Emotions are not identities
Complex trauma — the kind that accumulates across years rather than arriving in a single event — does something specific to the emotional system. It wires the amygdala to react continuously, treating ordinary moments as threats and flooding the system with responses that belong to a different time. Emotions stop feeling like passing weather and start feeling like permanent climate.
Emotional regulation in this context is not about becoming calmer or more controlled. It is about learning to observe what you feel without being consumed by it. To allow feelings to move through without suppressing them or being defined by them. To build coherence between your emotional experience and your conscious choices — so that you can feel grief without becoming grief, anger without becoming anger, fear without letting it run every decision.
This is genuinely difficult work. It is also some of the most freeing work I know.
The body remembers what the mind has filed away
Traumatic memory is not stored the way ordinary memory is. It lives in the body — in muscle tension, in breathing patterns, in the reflexive responses that fire before thought has a chance to intervene. This is why understanding the experience intellectually is rarely sufficient. You can know exactly what happened and why, and still find your body responding as though it is still happening.
Somatic integration — working directly with the body through breathwork, movement, embodied practice — addresses this at the level where it actually lives. The goal is not to erase the memory but to change the nervous system's relationship with it. To allow the trigger to fire without the same physiological cascade. To inhabit the body as a place of safety rather than a site of stored alarm.

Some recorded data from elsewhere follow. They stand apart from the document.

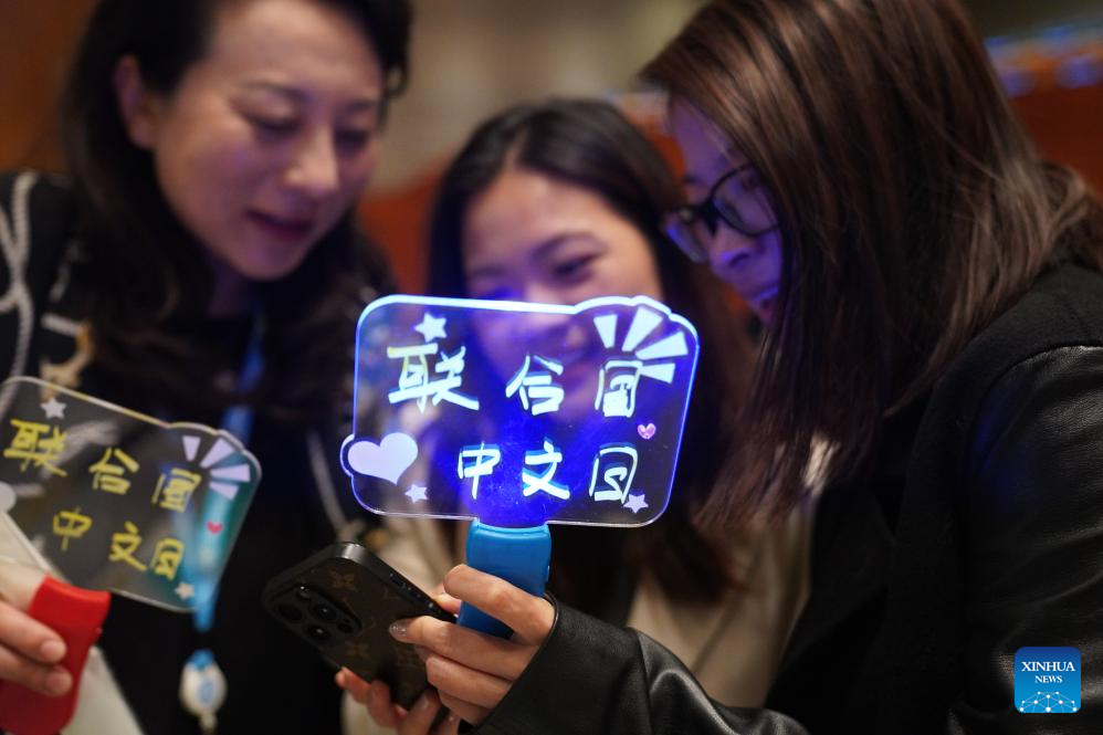 People attend a celebration marking the UN Chinese Language Day at the UN headquarters in New York, on April 13, 2026. A celebration titled Chinese Language Shining Civilizations was held at the UN headquarters in New York to mark the UN Chinese Language Day on Monday. (Xinhua/Zhang Fengguo)
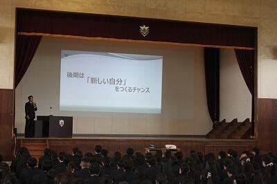 校長先生より「新しいことにチャレンジする」、「服装や挨拶、礼儀など凡事徹底して行うこと」についてのお話がありました。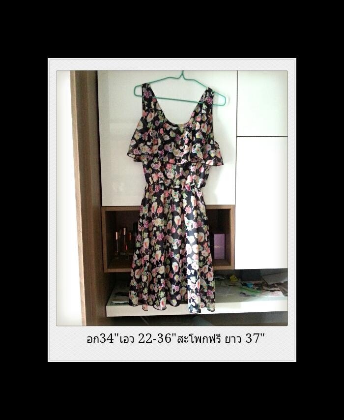 เดรสน่ารักลายดอก อก34"เอว22-36" สะโพกฟรี ยาว 37"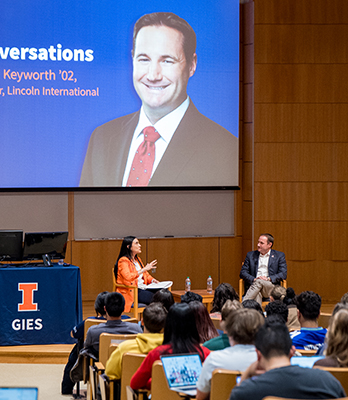 Gies College of Business welcomed alumnus Brad Keyworth (FIN '02) to share his insights at the Gies Conversations series on November 5. The series is a BUS 401 capstone event designed to connect learners with alumni leaders who speak candidly about life beyond graduation and their path to purpose. Moderators Sandra Corredor and Heather Swenddal guided a conversation that moved from Brad’s early career choices to leadership, culture, and the importance of purpose.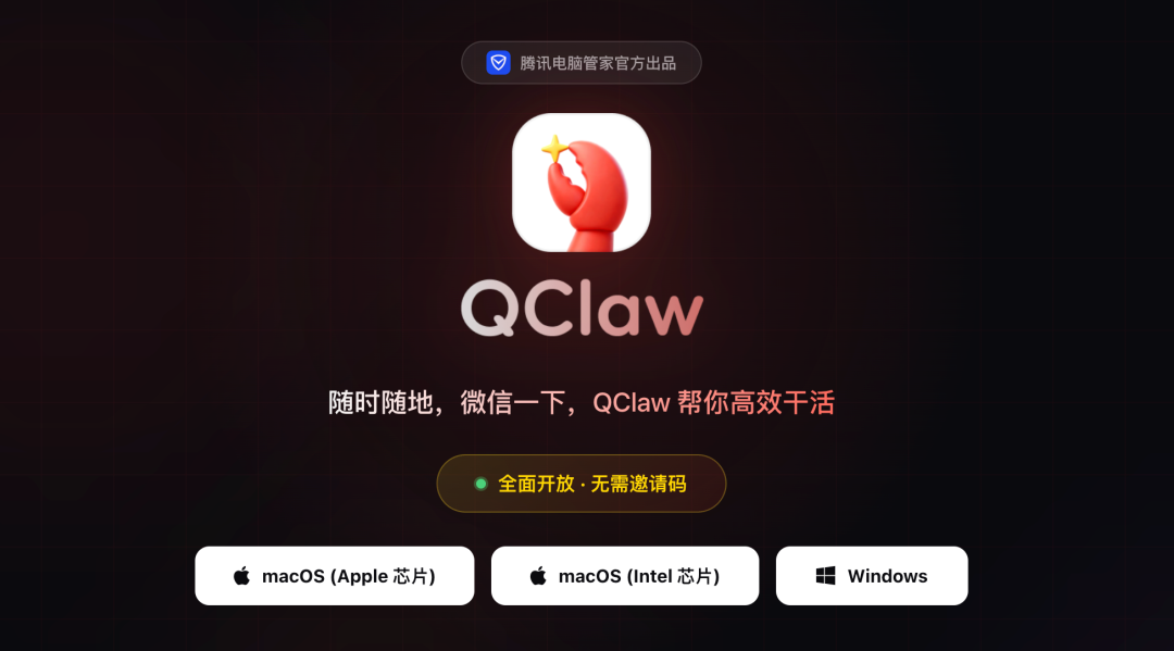 官方下载链接请认准:https://qclaw.qq.com/

Coherence is not calm — it is integration
The final stage of this framework is not a destination so much as a quality of being. Coherence means that the different parts of your system — physiological, emotional, behavioural, relational — are no longer working against each other. You respond rather than react. You express rather than perform. You make choices from your own values rather than from the imperatives of a nervous system still running old survival programmes.
This is not a return to who you were before. The person who went through what you went through has been changed by it. Coherence is not restoration; it is integration — the capacity to bring all of that experience forward into the life you are building now, with agency and self-trust rather than despite yourself.
What this looked like in practice
For me, this framework was not theoretical. It was the map I followed out of a health collapse that had been years in the making — cortisol-resistant hypothyroidism, cardiac symptoms, a nervous system that had simply run out of capacity to compensate. The physiological work came first: nutrition, hormonal stabilisation, rest. Then the slower work of behavioural patterns, emotional processing, somatic practice.
In practical terms, it meant halving my workload. Stepping off cycles I could not control. Stopping the attempt to regulate other people's behaviour through my own exhaustion. Beginning to live by my own rhythms rather than reacting to the currents of other people's expectations.
The path was not immediate and it was not linear. But for the first time in decades, I understood that wholeness was possible — not as something to achieve, but as something to return to, one choice, one moment, one breath at a time.
If you recognise yourself somewhere in this framework — if you are somewhere in the middle of it, or wondering if you might be approaching the edge — that recognition itself is the first stage. You do not need to have the answers. You just need to be willing to ask the question honestly.